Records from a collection
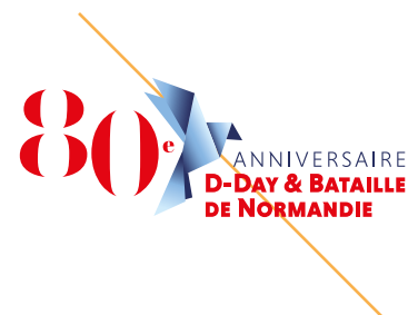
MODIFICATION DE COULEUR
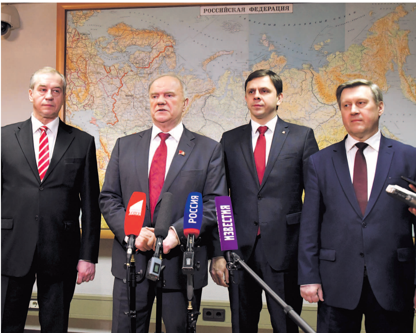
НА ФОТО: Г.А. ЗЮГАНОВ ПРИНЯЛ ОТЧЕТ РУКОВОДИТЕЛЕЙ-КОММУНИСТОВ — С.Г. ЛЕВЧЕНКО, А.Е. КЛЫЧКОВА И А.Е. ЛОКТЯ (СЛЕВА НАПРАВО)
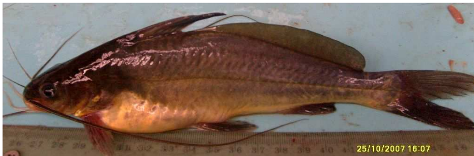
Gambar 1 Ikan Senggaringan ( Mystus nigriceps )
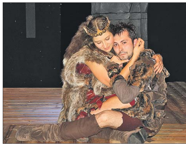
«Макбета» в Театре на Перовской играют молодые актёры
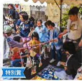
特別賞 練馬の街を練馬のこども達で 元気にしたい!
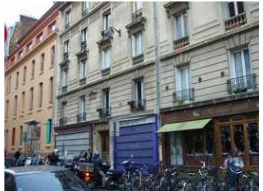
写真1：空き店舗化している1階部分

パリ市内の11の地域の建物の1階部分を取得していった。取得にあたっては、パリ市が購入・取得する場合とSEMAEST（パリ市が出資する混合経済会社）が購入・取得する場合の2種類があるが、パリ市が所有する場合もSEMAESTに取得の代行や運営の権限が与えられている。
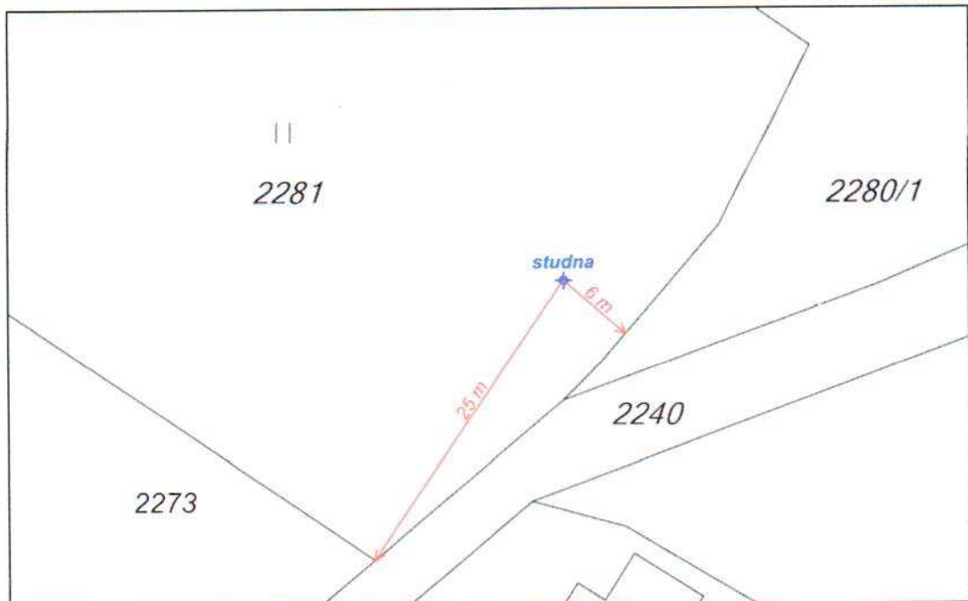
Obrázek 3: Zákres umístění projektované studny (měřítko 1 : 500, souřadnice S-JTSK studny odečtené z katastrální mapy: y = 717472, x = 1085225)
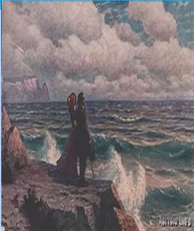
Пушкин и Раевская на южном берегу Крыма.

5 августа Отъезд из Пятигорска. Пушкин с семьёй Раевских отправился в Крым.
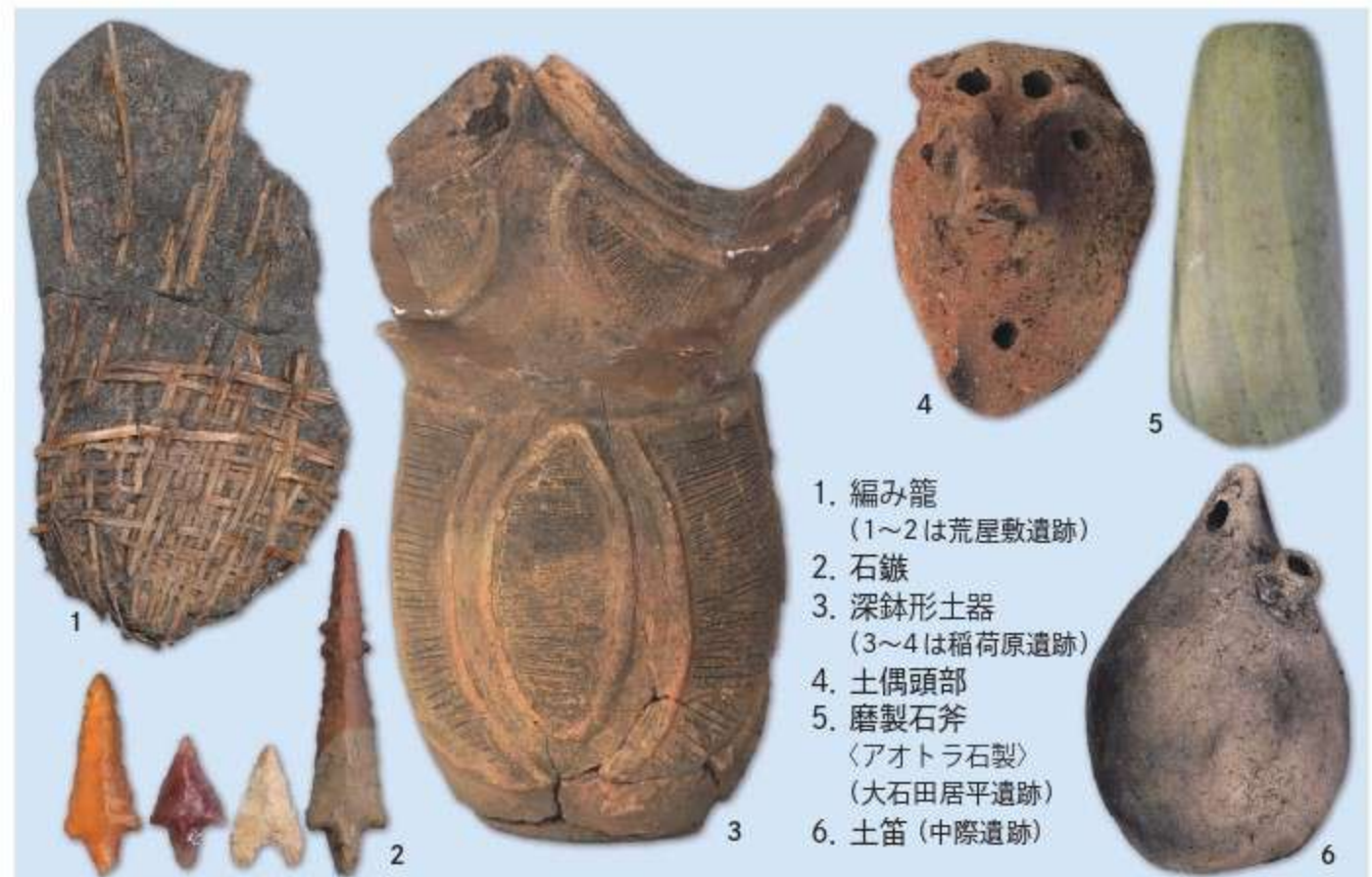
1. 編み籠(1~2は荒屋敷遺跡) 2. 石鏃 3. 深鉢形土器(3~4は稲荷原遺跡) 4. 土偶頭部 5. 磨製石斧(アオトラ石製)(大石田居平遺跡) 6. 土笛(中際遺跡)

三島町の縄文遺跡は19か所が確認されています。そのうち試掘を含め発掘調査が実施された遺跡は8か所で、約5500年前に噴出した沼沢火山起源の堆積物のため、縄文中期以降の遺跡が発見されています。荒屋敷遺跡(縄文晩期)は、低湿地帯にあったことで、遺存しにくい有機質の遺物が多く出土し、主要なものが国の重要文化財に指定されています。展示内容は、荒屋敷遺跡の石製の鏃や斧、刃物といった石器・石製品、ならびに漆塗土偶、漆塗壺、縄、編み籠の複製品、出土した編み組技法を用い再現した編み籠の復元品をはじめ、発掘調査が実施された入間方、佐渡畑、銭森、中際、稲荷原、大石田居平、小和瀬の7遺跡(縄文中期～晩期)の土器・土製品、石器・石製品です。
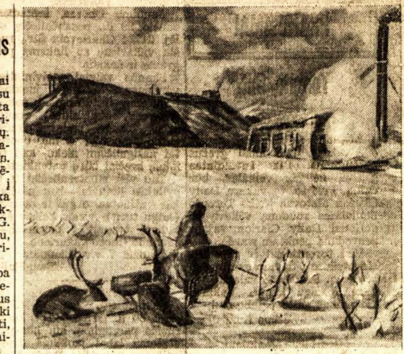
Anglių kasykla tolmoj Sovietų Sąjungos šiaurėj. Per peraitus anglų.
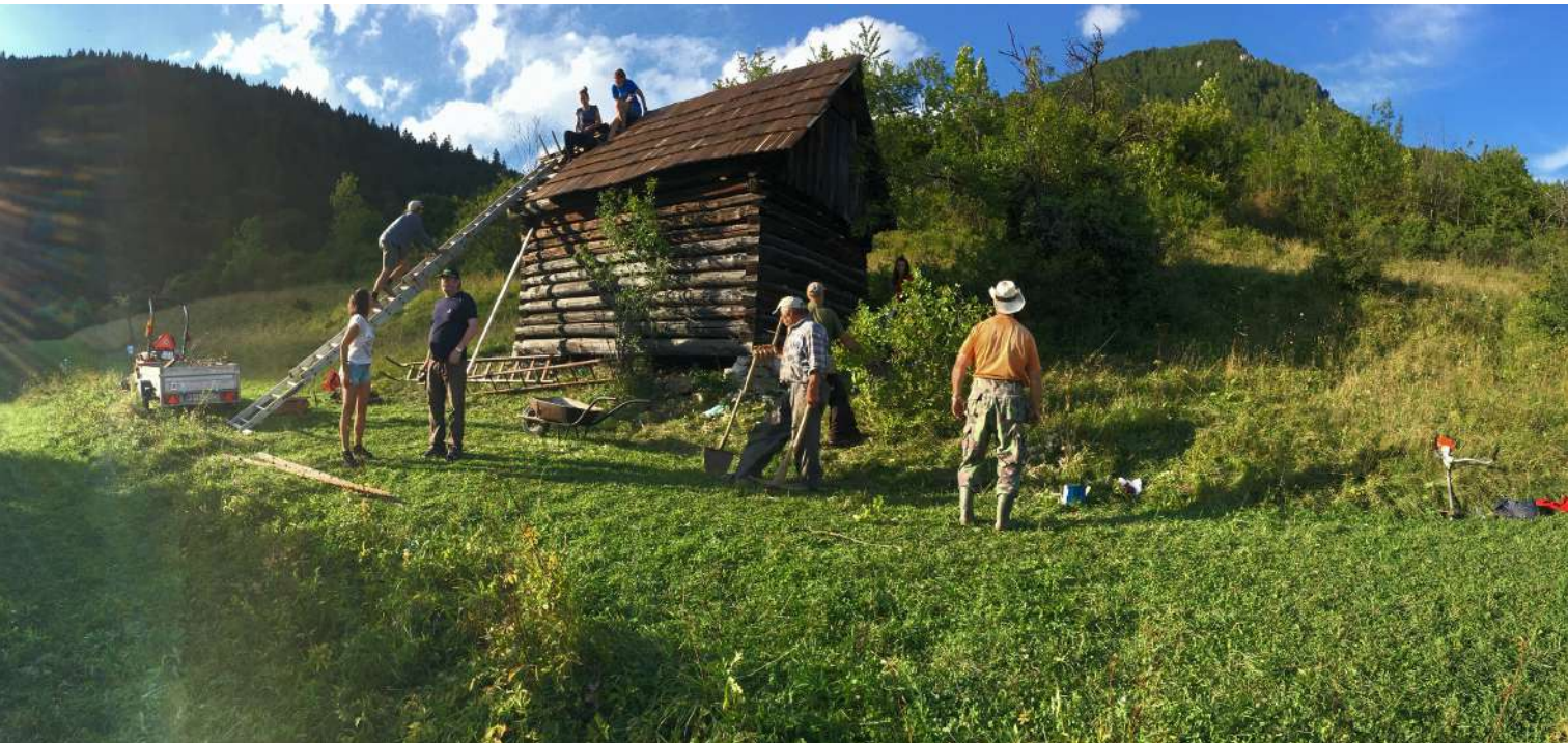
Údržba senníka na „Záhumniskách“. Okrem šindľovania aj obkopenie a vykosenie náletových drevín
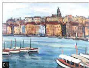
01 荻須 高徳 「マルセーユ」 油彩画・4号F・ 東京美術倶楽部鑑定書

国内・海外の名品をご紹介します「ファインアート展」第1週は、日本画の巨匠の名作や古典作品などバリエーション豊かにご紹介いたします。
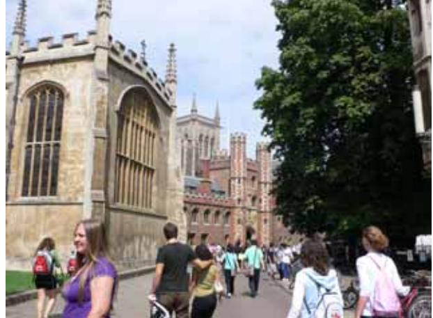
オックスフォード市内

* [Problem to solve]:
After locating "НА ФОТО: Г.А." and "1. 編み籠(1~2は荒屋敷遺跡) 2." in the records above, return exactly the line holding each one and every line between them; leave out the pictures.

* [Response to this exercise]:
НА ФОТО: Г.А. ЗЮГАНОВ ПРИНЯЛ ОТЧЕТ РУКОВОДИТЕЛЕЙ-КОММУНИСТОВ — С.Г. ЛЕВЧЕНКО, А.Е. КЛЫЧКОВА И А.Е. ЛОКТЯ (СЛЕВА НАПРАВО)
Gambar 1 Ikan Senggaringan ( Mystus nigriceps )
«Макбета» в Театре на Перовской играют молодые актёры
特別賞 練馬の街を練馬のこども達で 元気にしたい!
写真1：空き店舗化している1階部分

パリ市内の11の地域の建物の1階部分を取得していった。取得にあたっては、パリ市が購入・取得する場合とSEMAEST（パリ市が出資する混合経済会社）が購入・取得する場合の2種類があるが、パリ市が所有する場合もSEMAESTに取得の代行や運営の権限が与えられている。
Obrázek 3: Zákres umístění projektované studny (měřítko 1 : 500, souřadnice S-JTSK studny odečtené z katastrální mapy: y = 717472, x = 1085225)
Пушкин и Раевская на южном берегу Крыма.

5 августа Отъезд из Пятигорска. Пушкин с семьёй Раевских отправился в Крым.
1. 編み籠(1~2は荒屋敷遺跡) 2. 石鏃 3. 深鉢形土器(3~4は稲荷原遺跡) 4. 土偶頭部 5. 磨製石斧(アオトラ石製)(大石田居平遺跡) 6. 土笛(中際遺跡)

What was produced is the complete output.